WOW Sophia Kristjansson | Diversity Inclusion And Belonging

 

I believe also from a moral perspective that organizations live in communities. Organizations are living things and they need to give back to their communities. They need to be developing people in their communities. They could be potential employees at some point. Maybe not, but they have a responsibility to give back to the communities in which they live. From an ally standpoint, it is one of those big topics that at least we talk about in the United States that’s part and parcel of DEI.

I believe that as an ally and as a White person working in this space, my responsibility is to uplift people who might not have had the same opportunities that I have by virtue of the fact that they don’t have the same skin color that I have. We all thrive together. That’s what I believe. That’s the thing that I expect from my clients. It’s an all-in.

I love that phrase all in. We all thrive together. I thought that was nice. That struck me in the sense that we are joined up and connected and that we thrived together. Something that popped into my mind when you were speaking there is the story about Ford Motor Company when it started, the raising of employee salaries, the reduction of employee hours, and the belief that to some extent, if you do that and include and share that across your population, you’ll create more people to buy into your product. That’s what you’re driving there. The more people we include in our employment practices, the more people can be part of a business from a business perspective. That fits in with that profit and bottom line piece.

You talked about helping others thrive and that connection to our communities. It feels like as organizations, we’re part of an ecosystem.
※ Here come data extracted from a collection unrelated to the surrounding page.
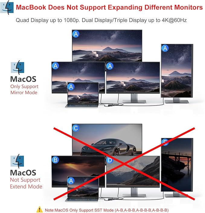 - Dual and Triple 4K Display Multiple Adapter: This docking station dual monitor can easily achieve dual monitors,triple displays and quad monitors for Windows laptop.While single use HDMI/DP1/2resolution up to 【4K@60Hz, single use VGA resolution up to 1080@60Hz. When using DP1/2+HDMI, dual monitors will be 4K@60Hz and 4K@30Hz(DP1.4); When using HDMI+DP1+DP2, triple monitors will be 2*4K@60Hz+2K@60Hz (DP1.4); Display output will be 1080P when quadruple displays and multiple monitors with VGA
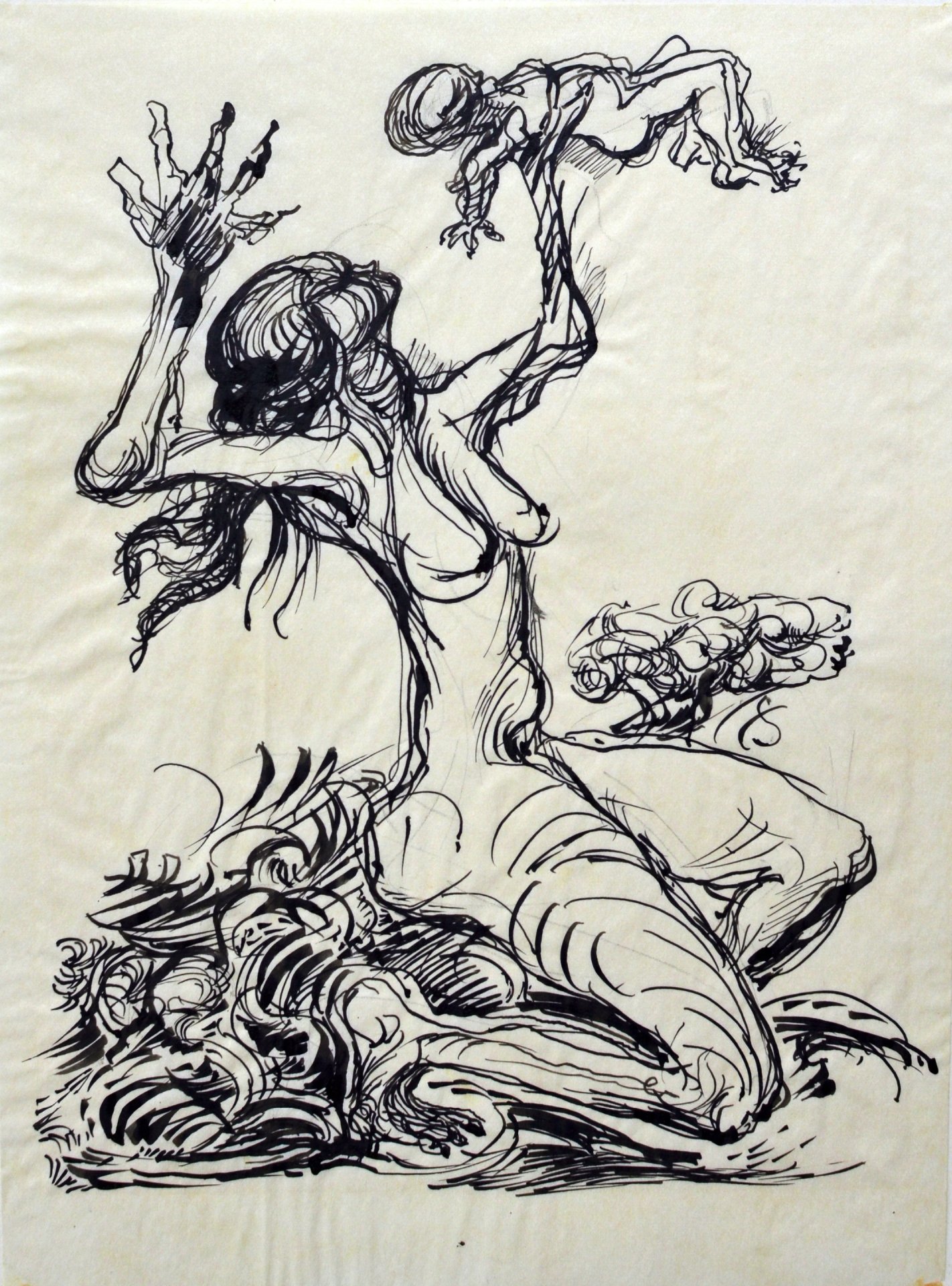 Federzeichnung auf Pergamentpapier, unsigniert; 34 x 25 cm
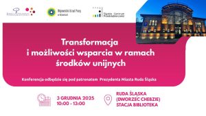 Zapraszamy do udziału w konferencji „TRANSFORMACJA REGIONU I WSPARCIE Z FUNDUSZY EUROPEJSKICH”, która odbędzie się 3 grudnia 2025 r. w godz. 10:00–13:00 w Stacji Biblioteka w Rudzie Śląskiej (Chebzie), ul. Dworcowa 33....
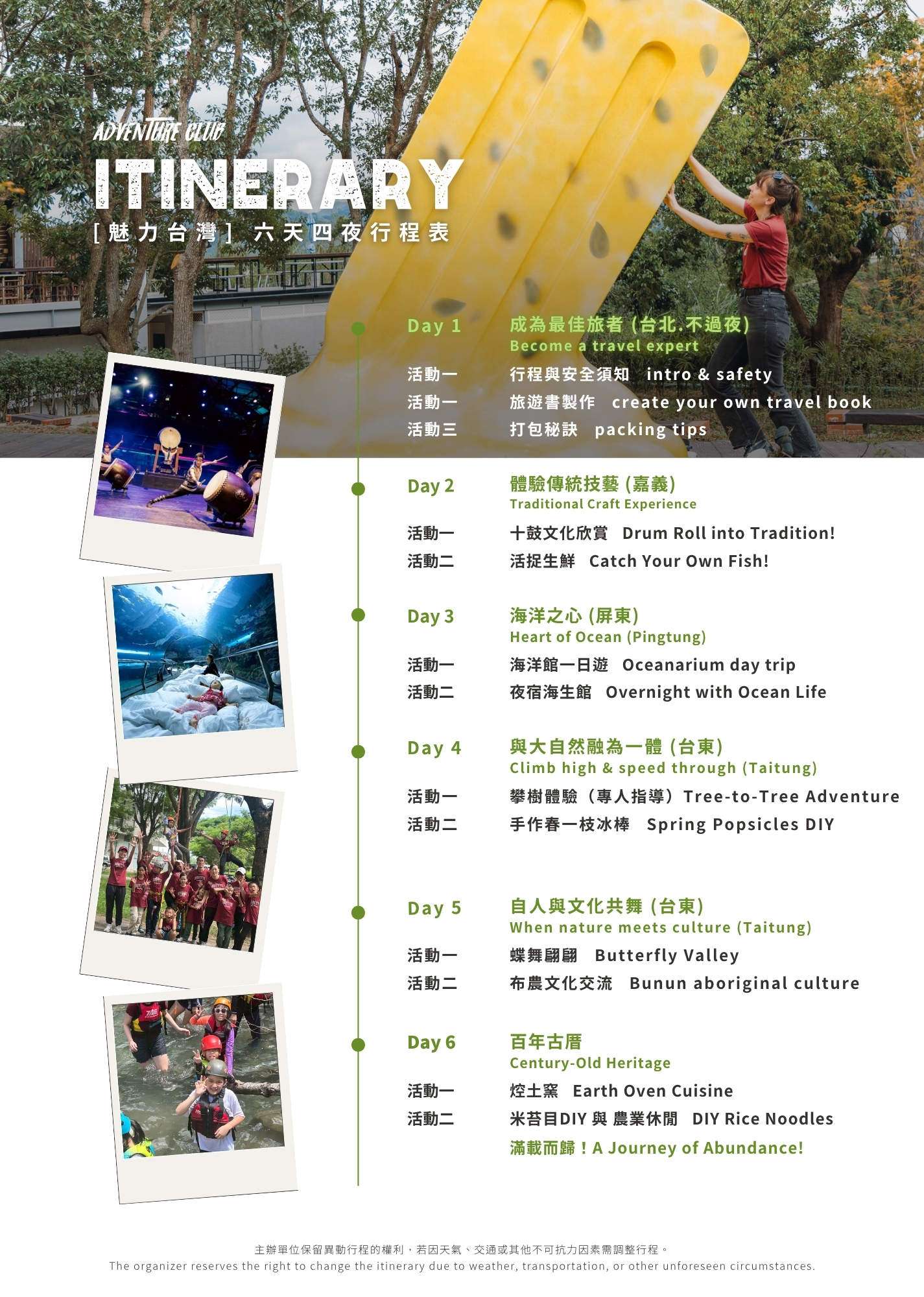 活動日期 (PS. 第一天為行前訓練課程及打包說明,因此不過夜)
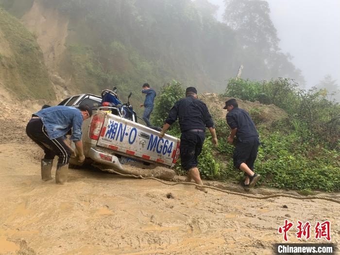 同時,參加救援的民警對斜坡進(jìn)行加固,預(yù)防雨水沖刷下來的碎石、樹枝等雜物造成次生災(zāi)害。其余民警則徒手挖泥,搬碎石,將車輛從水渠處墊高,用牽引繩迅速將被困車輛從塌陷處拽出來,整個過程,民警們頭頂大雨,腳踩淤泥,他們以實(shí)際行動踐行著移民管理警察的初心和使命。
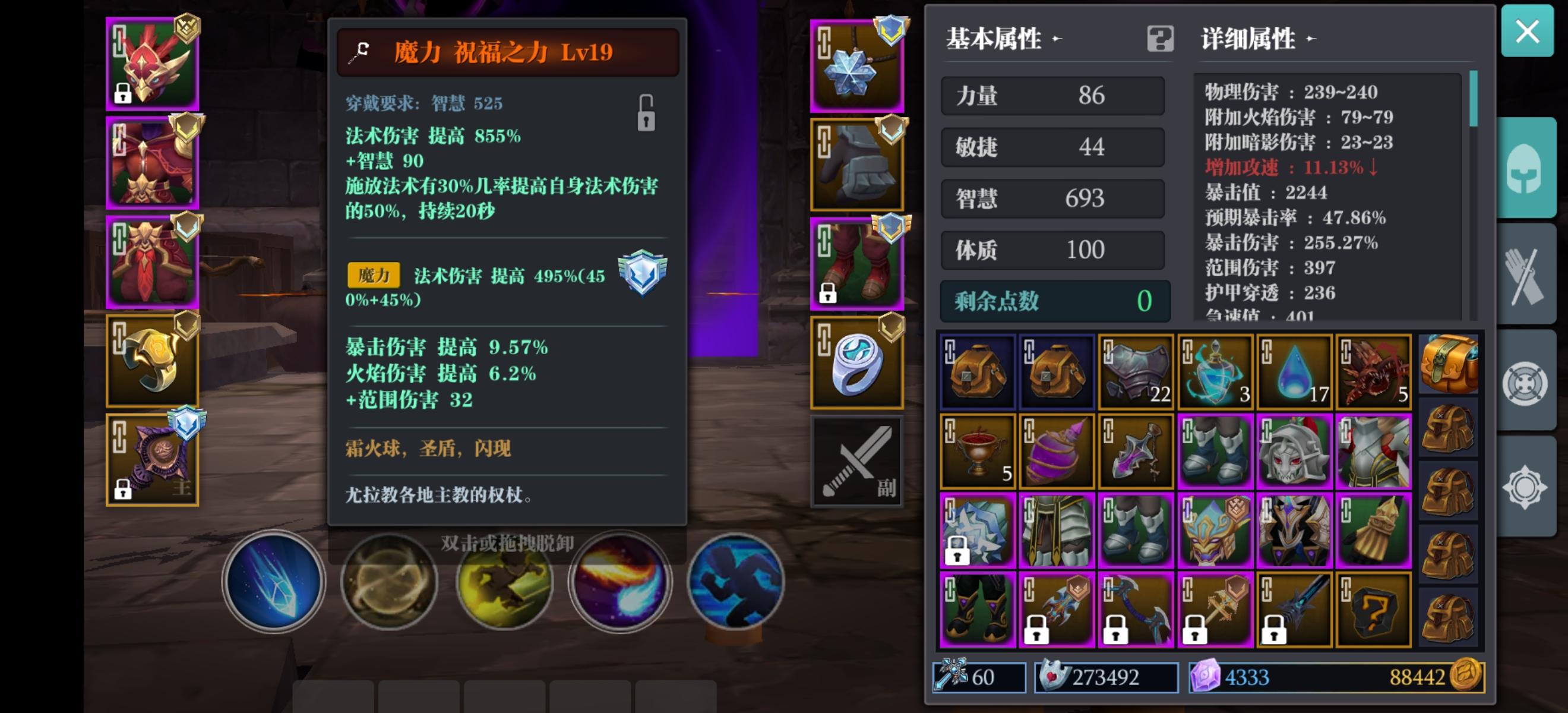 麻烦大佬帮我看下,为啥幽冥稻草人秒伤才400w+,是哪里有问题,拜谢!没有新华戒,用的贫民华戒,护符是双奥四级超负荷,范围555,火穿369魔块没有黑色全穿,所以法杖用火穿,还有个魔力的法杖

Organizations have a role to influence the ecosystem they’re in, as well as to be influenced by it. That’s interesting but there’s much complexity in that space. It’s great to get both that business case and moral case down there. If we talk about diversity and inclusion, those terms are fairly understood by people, but I wanted to jump up on that belonging phrase now. Could you say a little bit more about belonging and how that fits within this? What is the relation between belonging, inclusion, and diversity?

Some people refer to DEI as DEIB, diversity, equity, inclusion, and belonging. Belonging is the sense of belonging to a community, a team, or a group. It is something that is created or a feeling that is created after you have inclusion. The big concept is developing leaders to be inclusive, and honing in on the real behaviors and the language that supports inclusion. As a benefit to that, you create a sense of ownership and belonging to a group or a team.

I would then add in there something else that I touched upon in the article that I wrote. It’s that leaders accepting a person’s uniqueness is also very important. From a behavioral standpoint, there is a web or a fabric that is woven together between belonging and uniqueness. The sense of belonging or that you belong to a team and a value of human uniqueness. I am valued for who I am and what I bring to the table, and my perspective and my value.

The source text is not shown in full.